August 4, 2025: Tender is the Ride!

Sydney wasn’t supposed to be dramatic. Just a gentle port call and a quiet wander. But the wind had other plans—The captain, with the kind of calm decisiveness that makes you trust strangers with your life, chose to anchor offshore rather than attempt a docking maneuver that could turn theatrical in all the wrong ways. Safety first, of course—but it meant the dreaded tender ride. Or, as they now call them, “water shuttles,” as if a rebrand could make the experience less like a carnival ride choreographed by a seasick octopus!

I’ve never been fond of them. The lurching, the waiting, the vague sense that you’re participating in a group trust exercise with the sea.

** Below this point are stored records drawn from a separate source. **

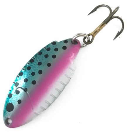 Na leštěné niklové zadní straně této 1 1/2" (4 cm) plandavky je jasně vyraženo označení hmotnosti 3/16 oz (5 g). Tato plandavka Thomas Buoyant, označená produktovým kódem 5544, vykazuje klasické barevné schéma Pstruh / Nikl s metalickým modrozeleným hřbetem a sytě růžovou boční čárou doplněnou výraznými černými tečkami. Ražené kovové tělo obsahuje charakteristické boční zářezy, což je designový prvek spojený s historií výroby této značky v USA. Ostrý, bronzový trojháček je připojen pomocí stříbrného kroužku v zadní části. Vzhledem k hodnocení stavu 5/5 má nástraha neuvěřitelně zachovalou povrchovou úpravu, přičemž vyražený text „THOMAS 3/16 OZ BUOYANT“ zůstává na reflexním niklovém povrchu ostrý a čitelný.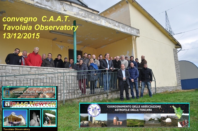 Si riscontra un grande successo di presenze al convegno C.A.A.T. ( Coordinamento Associazioni Astrofile della Toscana) di Santa Maria a Monte che si e' tenuto Domenica 13 Dicembre all’ Osservatorio di Tavolaia.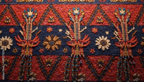 Intricate woven fabric with a distinct recurring motif , retro, cloth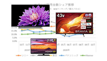 直近1年の販売台数シェア推移をみると、ソニーが首位をキープしているものの、徐々に後続との差が縮まっていることが分かる。右肩上がりなのが、東芝とパナソニックだ。年末商戦に向けて需要が高まるなかで、各社のシェア争いはより熾烈になりそうだ。

But we got on. What else can you do when adventure insists?

Once ashore, Sydney unfolded like a watercolor—soft, inviting, and just a little sleepy. The wind felt more like a companion than a threat. We wandered without agenda, letting the town reveal itself in quiet corners: a mural tucked behind a bakery, a man taking a break on a bench by the police station…We took photos—of each other, of nothing, of everything.

We passed the world’s largest fiddle—a 60-foot steel tribute to Cape Breton’s Celtic spirit—standing proudly on the waterfront like it was daring the wind to try something.

Back aboard the ship, we watched Sydney fade into the mist. It hadn’t been dramatic after all—just quietly beautiful, like a poem you didn’t expect to love.